Ehira T, Romanus M
First Department of Surgery, St. Marianna University School of Medicine, Kawasaki, Japan.
Acta Chir Scand. 1988 Jan;154(1):13-7.
Indomethacin can reduce the microvascular permeability induced by repeated ischemia. In this investigation the influence of histamine H1 and H2 receptor blockers was studied for comparison with indomethacin. Application of 60 mmHg pressure to the hamster cheek pouch for 5 min was repeated eight times, with 10-min restitution intervals. Altered permeability was evaluated with use of FITC-dextran and intravital microscopy. Progressive efflux of FITC-dextran was observed in the control group. When either diphenhydramine or indomethacin was used alone, a few spots of extravasated dye were seen. Combination of diphenhydramine with either indomethacin or cimetidine reduced the extravasation. Furthermore, the spots appeared significantly later than in the controls, and some faded. Increase in the efflux of macromolecules due to repeated ischemia seems to be mediated via H1 and H2 receptors in conjunction with other receptors and/or amines e.g. prostaglandins.

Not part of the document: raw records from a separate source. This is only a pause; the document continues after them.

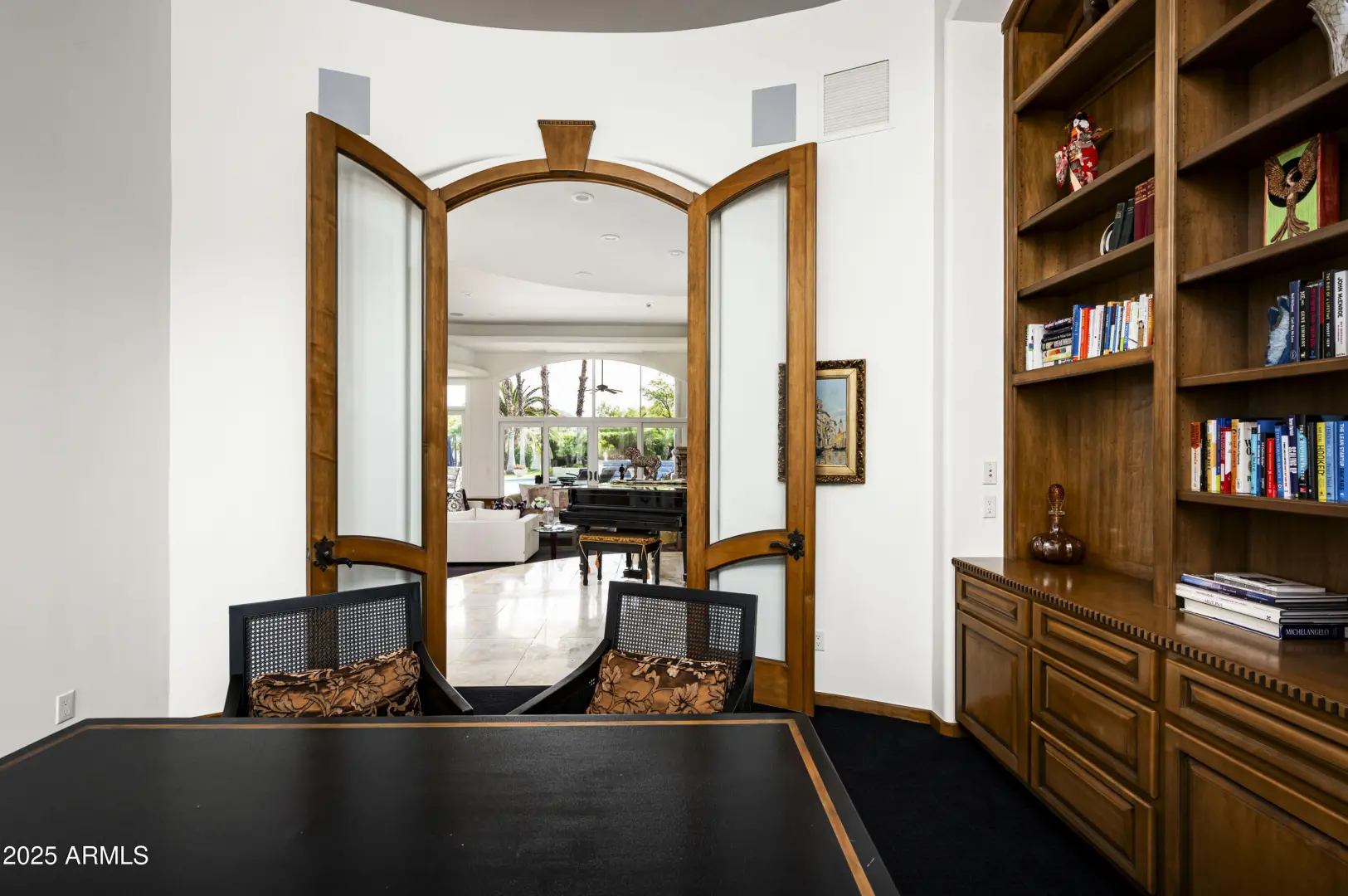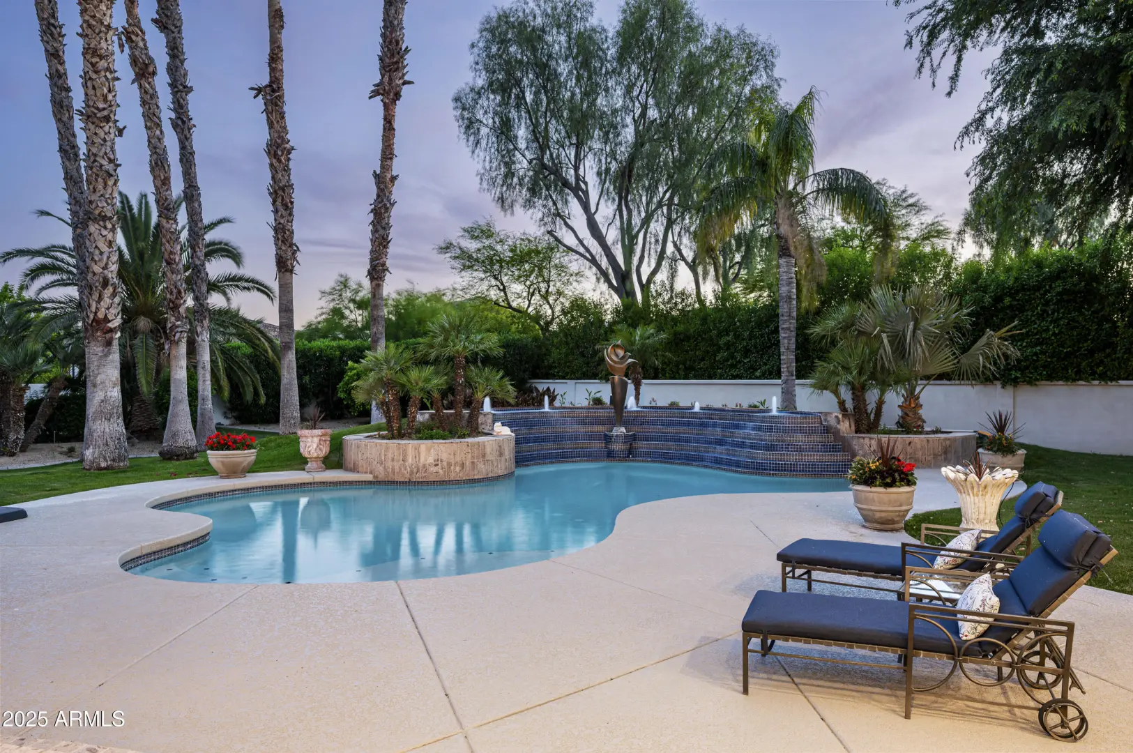 Welcome to your dream home in Paradise Valley! This stunning fully furnished property boasts 6213 square feet of luxurious living space and is situated on an acre lot at the end of a cul de sac in the beautiful York Estates. As you approach the property, you'll notice the lush desert vegetation and trees that surround the area, creating a tranquil and peaceful ambiance. This home is centrally located in Paradise Valley, just a short drive away from the Village Heath Club at Gainey Ranch and some of the best restaurants, shopping, and entertainment in Scottsdale. With 4 bedrooms, 4.5 baths, 2 offices, a movie theatre, and gym, this property has everything you need for a comfortable and luxurious lifestyle. The backyard is an oasis of relaxation and entertainment, featuring a covered
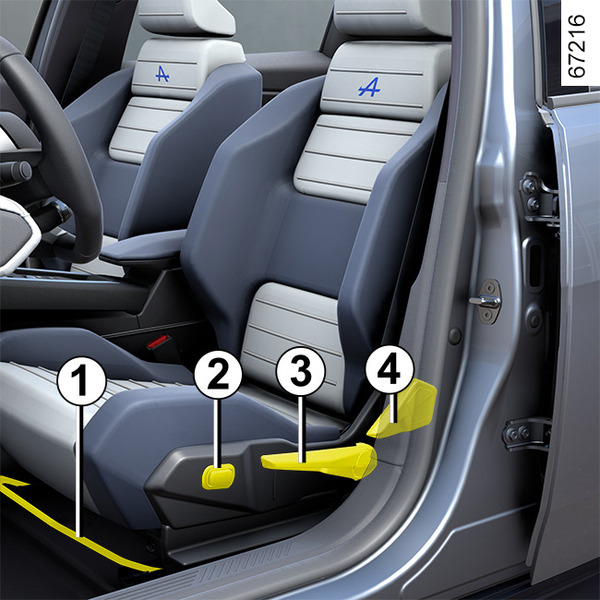 도어 핸들 4를 최대한 위로 올리고 등받이를 원하는 위치까지 기울입니다. 원하는 위치에서 핸들을 놓고 시트가 움직이지 않는지 확인하십시오.
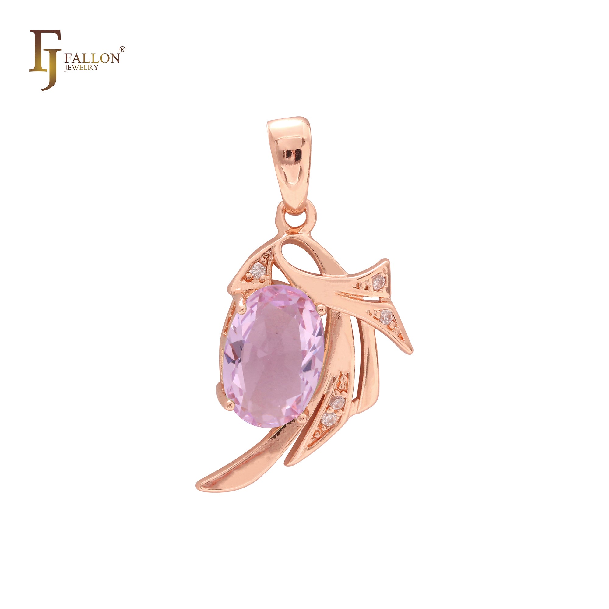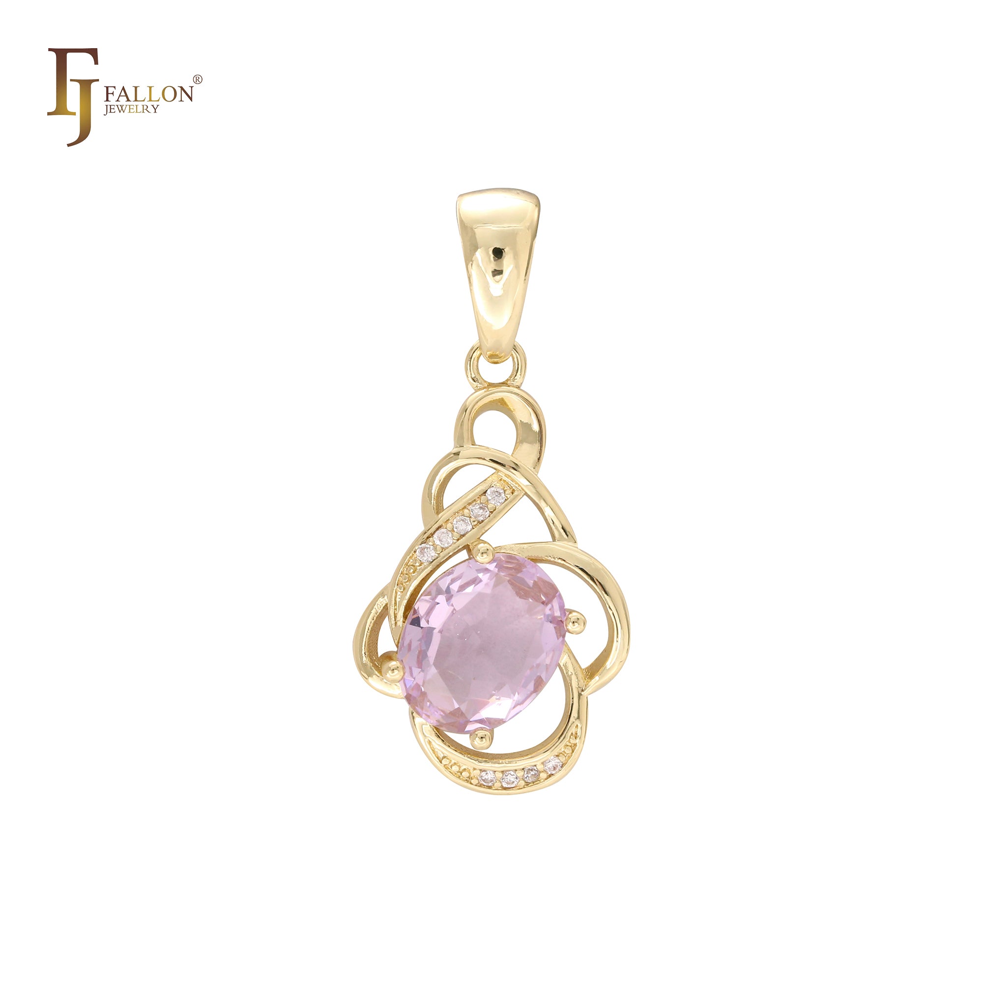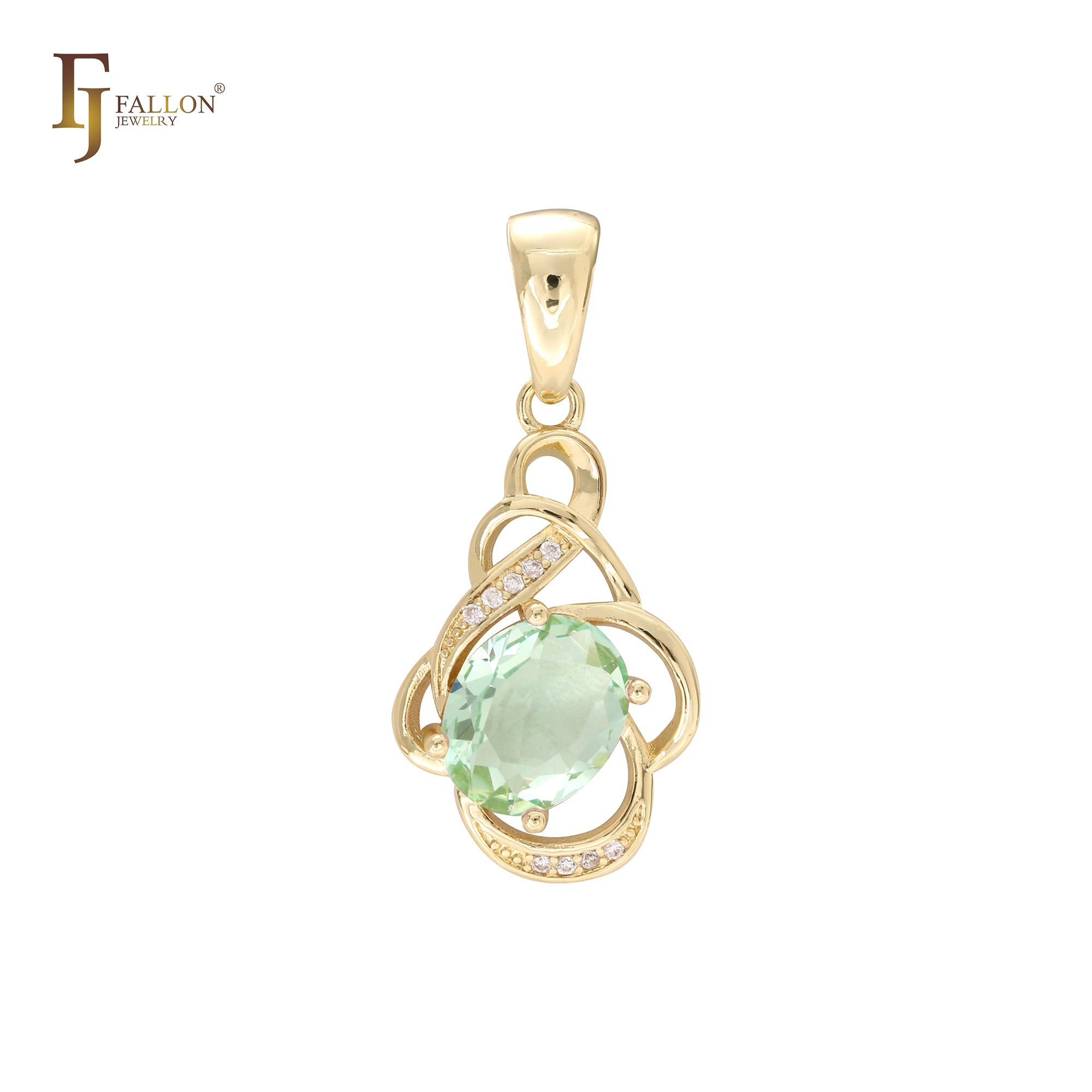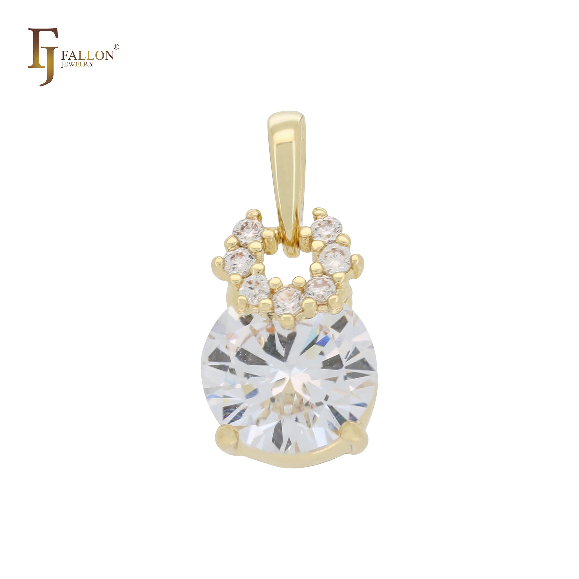 Rounded big CZ 14K Gold, Rose Gold, White Gold colorful Solitaire Pendant
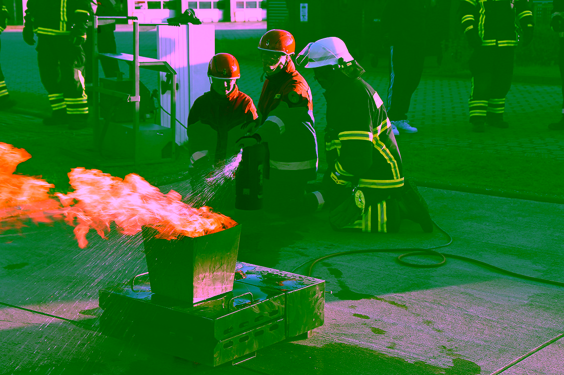 Nach dieser anschaulichen Demonstration eines Fettbrandes durch unseren Ortswehrführer Stefan Kühl ging’s dann ans Löschen eines herkömmlichen Brandes (eines Fettbrandes) durch die Jugendlichen mit Wasser. Hierzu wurde in einer speziellen Vorrichtung durch unseren Jugendfeuerwehrwart Marco Beinke mittels einer Fernbedienung Feuer entfacht.
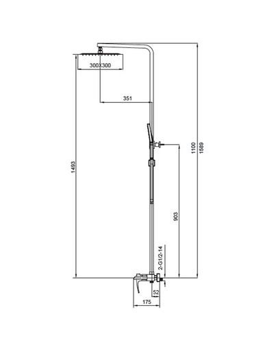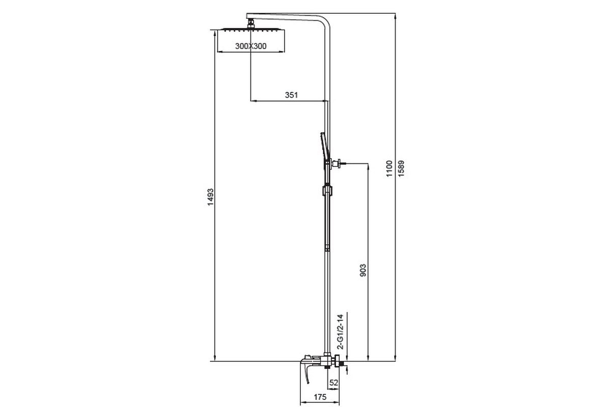 Комплектация Шланг 150 см, ручная лейка, потолочная лейка 300х300 мм, чашки, эксцентрики, резиновые прокладки, держатель для лейки
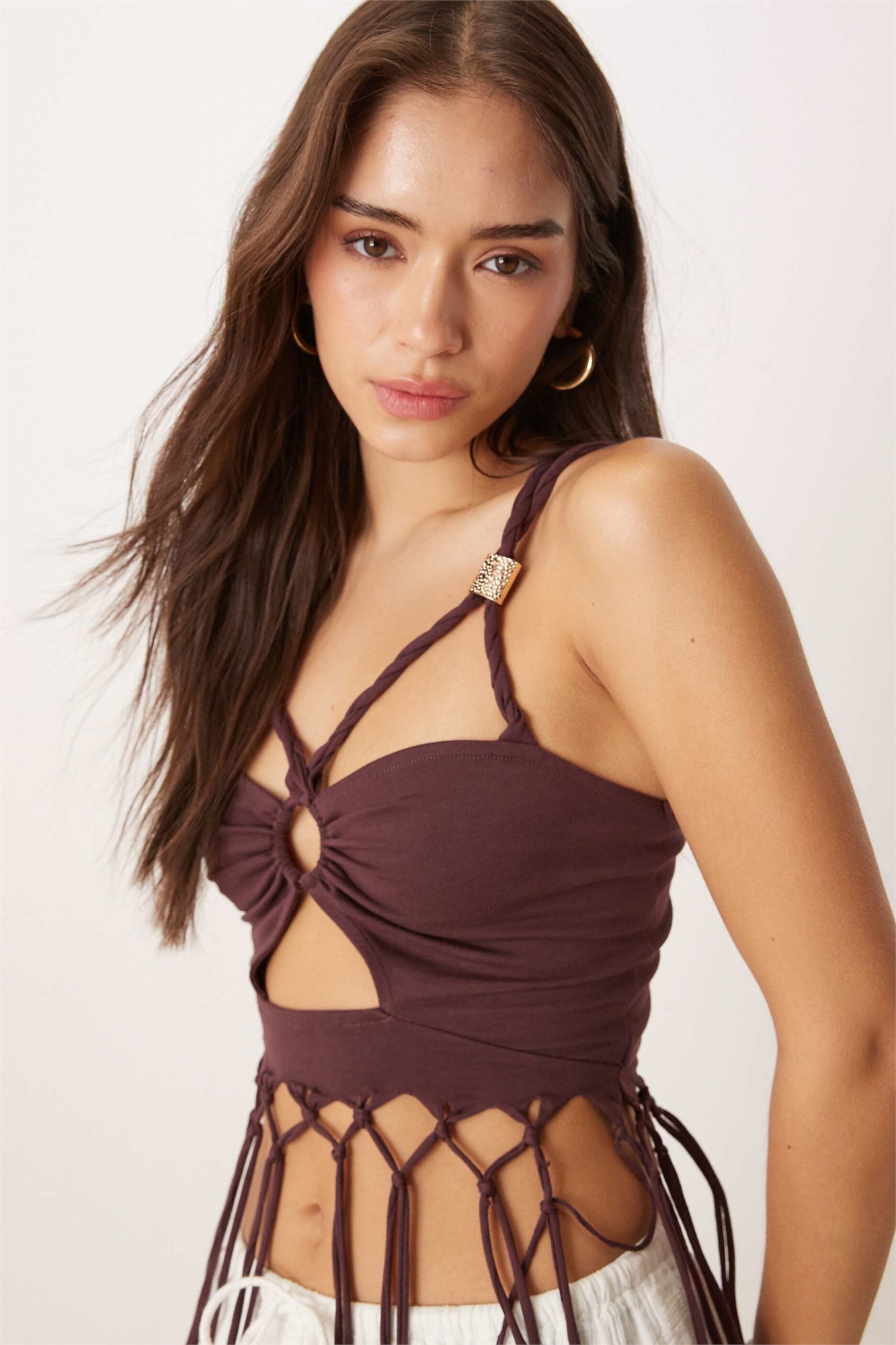 Топ-ками с завязками, сборками спереди и бахромой
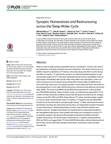 Blanco, Wilfredo, Pereira, Catia M., Cota, Vinícius Rosa, Souza, Annie C., Rennó-Costa, César, Santos, Sharlene, Dias, Gabriella, Guerreiro, Ana M. G., Tort, Adriano B. L., Neto, Adrião D. and Ribeiro, Sidarta (2015) Synaptic Homeostasis and Restructuring across the Sleep-Wake Cycle. PLoS Computational Biology, 11 (5): e1004241. pp. 1-29. ISSN 1553-734X
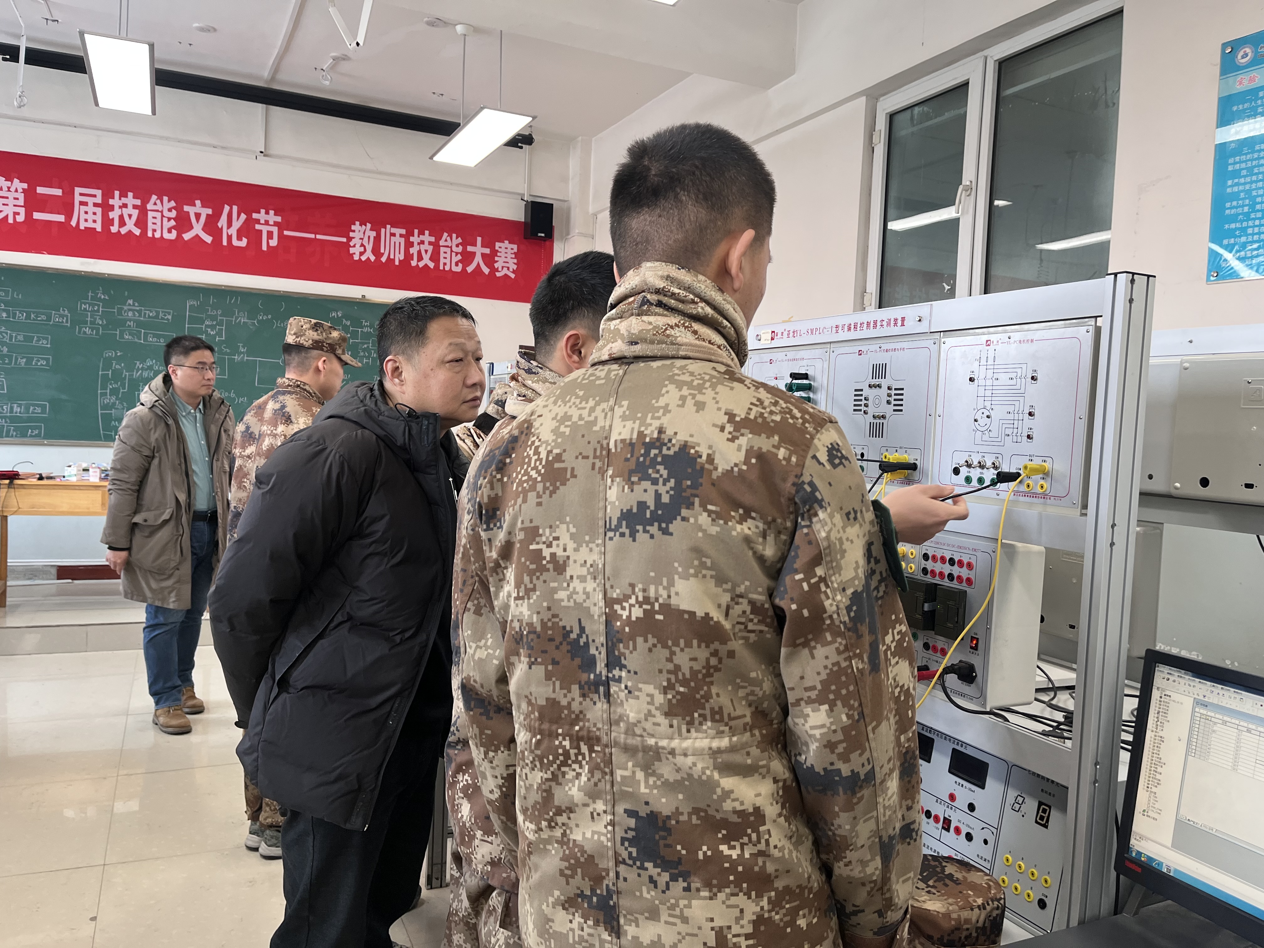2024年2月23日机械电气工程学院党总支书记辛延波、副院长尹君深入实训室检查陆军军士生入营考核培训情况。本次入营考核突出陆军军种特点,着重体现技能操作水平,对基础薄弱的学生进行严格监督。
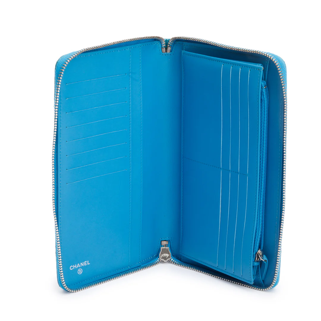 Blue Patent Leather Large Zip Around Organizer Wallet w/ Box & Authenticity Card

吲哚美辛可降低反复缺血诱导的微血管通透性。在本研究中,研究了组胺H1和H2受体阻滞剂的影响,以便与吲哚美辛进行比较。对仓鼠颊囊施加60 mmHg压力5分钟,重复8次,恢复间隔为10分钟。使用异硫氰酸荧光素标记的葡聚糖和活体显微镜评估通透性的改变。在对照组中观察到异硫氰酸荧光素标记的葡聚糖逐渐外渗。当单独使用苯海拉明或吲哚美辛时,可见少量染料外渗斑点。苯海拉明与吲哚美辛或西咪替丁联合使用可减少外渗。此外,这些斑点出现的时间明显晚于对照组,并且有些褪色。反复缺血导致的大分子外渗增加似乎是通过H1和H2受体与其他受体和/或胺(如前列腺素)共同介导的。